● Exercise requirements:
Output all of the records again, exactly as written.

Source records:

********************

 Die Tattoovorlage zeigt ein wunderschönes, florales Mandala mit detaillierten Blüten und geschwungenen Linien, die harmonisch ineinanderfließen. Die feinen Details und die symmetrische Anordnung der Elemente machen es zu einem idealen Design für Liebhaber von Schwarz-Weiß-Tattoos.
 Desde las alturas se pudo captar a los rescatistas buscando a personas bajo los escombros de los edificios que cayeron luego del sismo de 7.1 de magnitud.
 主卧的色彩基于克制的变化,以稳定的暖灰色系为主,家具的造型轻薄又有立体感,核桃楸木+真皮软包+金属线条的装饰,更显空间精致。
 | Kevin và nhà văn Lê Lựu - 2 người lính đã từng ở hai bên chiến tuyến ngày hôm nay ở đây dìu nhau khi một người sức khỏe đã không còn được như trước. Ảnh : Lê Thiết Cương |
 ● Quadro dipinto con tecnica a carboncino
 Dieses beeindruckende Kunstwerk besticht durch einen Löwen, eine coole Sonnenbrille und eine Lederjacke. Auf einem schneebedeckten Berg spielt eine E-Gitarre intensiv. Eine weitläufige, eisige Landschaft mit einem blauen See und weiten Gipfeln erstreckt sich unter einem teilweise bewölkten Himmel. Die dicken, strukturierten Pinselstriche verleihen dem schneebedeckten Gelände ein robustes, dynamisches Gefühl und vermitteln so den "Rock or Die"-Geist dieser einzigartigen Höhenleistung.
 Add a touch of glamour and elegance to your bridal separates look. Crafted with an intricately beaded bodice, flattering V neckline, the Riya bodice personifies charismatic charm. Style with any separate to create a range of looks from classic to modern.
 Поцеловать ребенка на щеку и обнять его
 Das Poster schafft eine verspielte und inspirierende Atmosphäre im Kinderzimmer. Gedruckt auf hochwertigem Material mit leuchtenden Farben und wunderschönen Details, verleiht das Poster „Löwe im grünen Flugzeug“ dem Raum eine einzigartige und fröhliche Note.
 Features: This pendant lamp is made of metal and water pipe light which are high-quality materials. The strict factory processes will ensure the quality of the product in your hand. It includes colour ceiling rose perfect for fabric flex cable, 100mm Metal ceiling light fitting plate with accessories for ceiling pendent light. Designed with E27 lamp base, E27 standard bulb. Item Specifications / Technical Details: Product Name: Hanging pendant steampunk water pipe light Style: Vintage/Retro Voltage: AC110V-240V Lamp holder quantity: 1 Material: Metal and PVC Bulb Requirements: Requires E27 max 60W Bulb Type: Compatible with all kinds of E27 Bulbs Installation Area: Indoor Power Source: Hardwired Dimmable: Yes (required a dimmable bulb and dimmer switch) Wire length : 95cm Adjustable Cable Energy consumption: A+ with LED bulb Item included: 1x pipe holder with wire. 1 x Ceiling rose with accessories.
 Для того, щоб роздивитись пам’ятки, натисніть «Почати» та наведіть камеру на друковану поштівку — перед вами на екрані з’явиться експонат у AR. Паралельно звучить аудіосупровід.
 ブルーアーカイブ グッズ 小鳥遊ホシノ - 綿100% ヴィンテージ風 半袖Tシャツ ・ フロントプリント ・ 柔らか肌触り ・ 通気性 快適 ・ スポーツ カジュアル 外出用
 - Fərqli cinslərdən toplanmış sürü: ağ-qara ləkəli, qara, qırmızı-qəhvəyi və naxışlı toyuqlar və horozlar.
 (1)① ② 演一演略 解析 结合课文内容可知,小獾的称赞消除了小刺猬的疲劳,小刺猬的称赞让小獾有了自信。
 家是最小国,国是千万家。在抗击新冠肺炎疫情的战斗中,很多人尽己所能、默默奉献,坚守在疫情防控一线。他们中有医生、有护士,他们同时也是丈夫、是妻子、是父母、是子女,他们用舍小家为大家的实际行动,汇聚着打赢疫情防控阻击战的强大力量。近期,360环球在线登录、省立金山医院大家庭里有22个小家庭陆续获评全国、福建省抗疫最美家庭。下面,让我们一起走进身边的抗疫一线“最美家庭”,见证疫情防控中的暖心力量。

********************

● Answer box:
 Die Tattoovorlage zeigt ein wunderschönes, florales Mandala mit detaillierten Blüten und geschwungenen Linien, die harmonisch ineinanderfließen. Die feinen Details und die symmetrische Anordnung der Elemente machen es zu einem idealen Design für Liebhaber von Schwarz-Weiß-Tattoos.
 Desde las alturas se pudo captar a los rescatistas buscando a personas bajo los escombros de los edificios que cayeron luego del sismo de 7.1 de magnitud.
 主卧的色彩基于克制的变化,以稳定的暖灰色系为主,家具的造型轻薄又有立体感,核桃楸木+真皮软包+金属线条的装饰,更显空间精致。
 | Kevin và nhà văn Lê Lựu - 2 người lính đã từng ở hai bên chiến tuyến ngày hôm nay ở đây dìu nhau khi một người sức khỏe đã không còn được như trước. Ảnh : Lê Thiết Cương |
 ● Quadro dipinto con tecnica a carboncino
 Dieses beeindruckende Kunstwerk besticht durch einen Löwen, eine coole Sonnenbrille und eine Lederjacke. Auf einem schneebedeckten Berg spielt eine E-Gitarre intensiv. Eine weitläufige, eisige Landschaft mit einem blauen See und weiten Gipfeln erstreckt sich unter einem teilweise bewölkten Himmel. Die dicken, strukturierten Pinselstriche verleihen dem schneebedeckten Gelände ein robustes, dynamisches Gefühl und vermitteln so den "Rock or Die"-Geist dieser einzigartigen Höhenleistung.
 Add a touch of glamour and elegance to your bridal separates look. Crafted with an intricately beaded bodice, flattering V neckline, the Riya bodice personifies charismatic charm. Style with any separate to create a range of looks from classic to modern.
 Поцеловать ребенка на щеку и обнять его
 Das Poster schafft eine verspielte und inspirierende Atmosphäre im Kinderzimmer. Gedruckt auf hochwertigem Material mit leuchtenden Farben und wunderschönen Details, verleiht das Poster „Löwe im grünen Flugzeug“ dem Raum eine einzigartige und fröhliche Note.
 Features: This pendant lamp is made of metal and water pipe light which are high-quality materials. The strict factory processes will ensure the quality of the product in your hand. It includes colour ceiling rose perfect for fabric flex cable, 100mm Metal ceiling light fitting plate with accessories for ceiling pendent light. Designed with E27 lamp base, E27 standard bulb. Item Specifications / Technical Details: Product Name: Hanging pendant steampunk water pipe light Style: Vintage/Retro Voltage: AC110V-240V Lamp holder quantity: 1 Material: Metal and PVC Bulb Requirements: Requires E27 max 60W Bulb Type: Compatible with all kinds of E27 Bulbs Installation Area: Indoor Power Source: Hardwired Dimmable: Yes (required a dimmable bulb and dimmer switch) Wire length : 95cm Adjustable Cable Energy consumption: A+ with LED bulb Item included: 1x pipe holder with wire. 1 x Ceiling rose with accessories.
 Для того, щоб роздивитись пам’ятки, натисніть «Почати» та наведіть камеру на друковану поштівку — перед вами на екрані з’явиться експонат у AR. Паралельно звучить аудіосупровід.
 ブルーアーカイブ グッズ 小鳥遊ホシノ - 綿100% ヴィンテージ風 半袖Tシャツ ・ フロントプリント ・ 柔らか肌触り ・ 通気性 快適 ・ スポーツ カジュアル 外出用
 - Fərqli cinslərdən toplanmış sürü: ağ-qara ləkəli, qara, qırmızı-qəhvəyi və naxışlı toyuqlar və horozlar.
 (1)① ② 演一演略 解析 结合课文内容可知,小獾的称赞消除了小刺猬的疲劳,小刺猬的称赞让小獾有了自信。
 家是最小国,国是千万家。在抗击新冠肺炎疫情的战斗中,很多人尽己所能、默默奉献,坚守在疫情防控一线。他们中有医生、有护士,他们同时也是丈夫、是妻子、是父母、是子女,他们用舍小家为大家的实际行动,汇聚着打赢疫情防控阻击战的强大力量。近期,360环球在线登录、省立金山医院大家庭里有22个小家庭陆续获评全国、福建省抗疫最美家庭。下面,让我们一起走进身边的抗疫一线“最美家庭”,见证疫情防控中的暖心力量。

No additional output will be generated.